## [REQUIRED WORK]
When the line with "Newly finished wood" turns up below, begin repeating exactly, and carry on through the line with "those of you"; no pictures go into the copy.

## [SUPPLIED ENTRIES]
━━━━━━━━━━━━━━━━━━━━

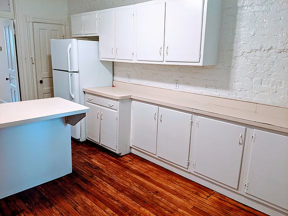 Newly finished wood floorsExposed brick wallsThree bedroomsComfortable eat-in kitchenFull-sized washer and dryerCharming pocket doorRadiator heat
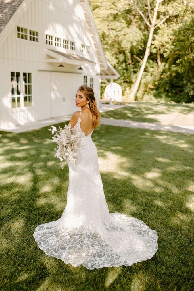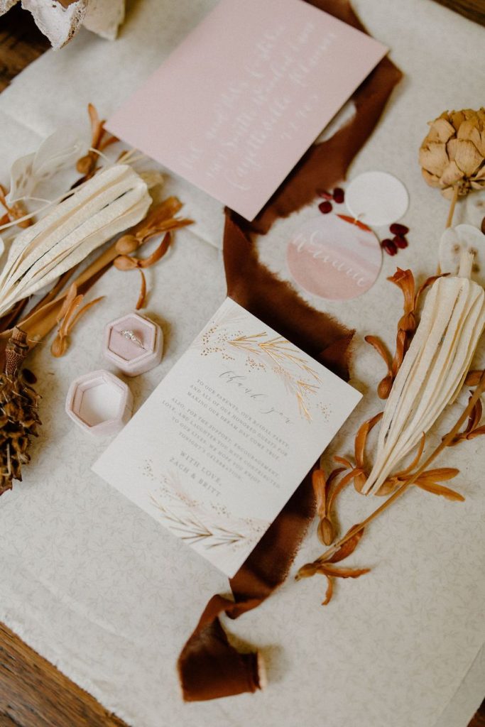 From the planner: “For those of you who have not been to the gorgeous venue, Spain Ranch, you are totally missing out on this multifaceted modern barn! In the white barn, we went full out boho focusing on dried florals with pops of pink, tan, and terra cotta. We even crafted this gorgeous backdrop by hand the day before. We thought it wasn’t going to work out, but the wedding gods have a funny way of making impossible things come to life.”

━━━━━━━━━━━━━━━━━━━━

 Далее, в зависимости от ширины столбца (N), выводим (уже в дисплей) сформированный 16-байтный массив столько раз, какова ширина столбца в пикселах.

━━━━━━━━━━━━━━━━━━━━

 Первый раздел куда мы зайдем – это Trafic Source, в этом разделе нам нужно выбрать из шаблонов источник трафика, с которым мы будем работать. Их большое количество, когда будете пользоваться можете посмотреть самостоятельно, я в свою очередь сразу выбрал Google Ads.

━━━━━━━━━━━━━━━━━━━━

## [EXERCISE RESULT]
 Newly finished wood floorsExposed brick wallsThree bedroomsComfortable eat-in kitchenFull-sized washer and dryerCharming pocket doorRadiator heat
 From the planner: “For those of you who have not been to the gorgeous venue, Spain Ranch, you are totally missing out on this multifaceted modern barn! In the white barn, we went full out boho focusing on dried florals with pops of pink, tan, and terra cotta. We even crafted this gorgeous backdrop by hand the day before. We thought it wasn’t going to work out, but the wedding gods have a funny way of making impossible things come to life.”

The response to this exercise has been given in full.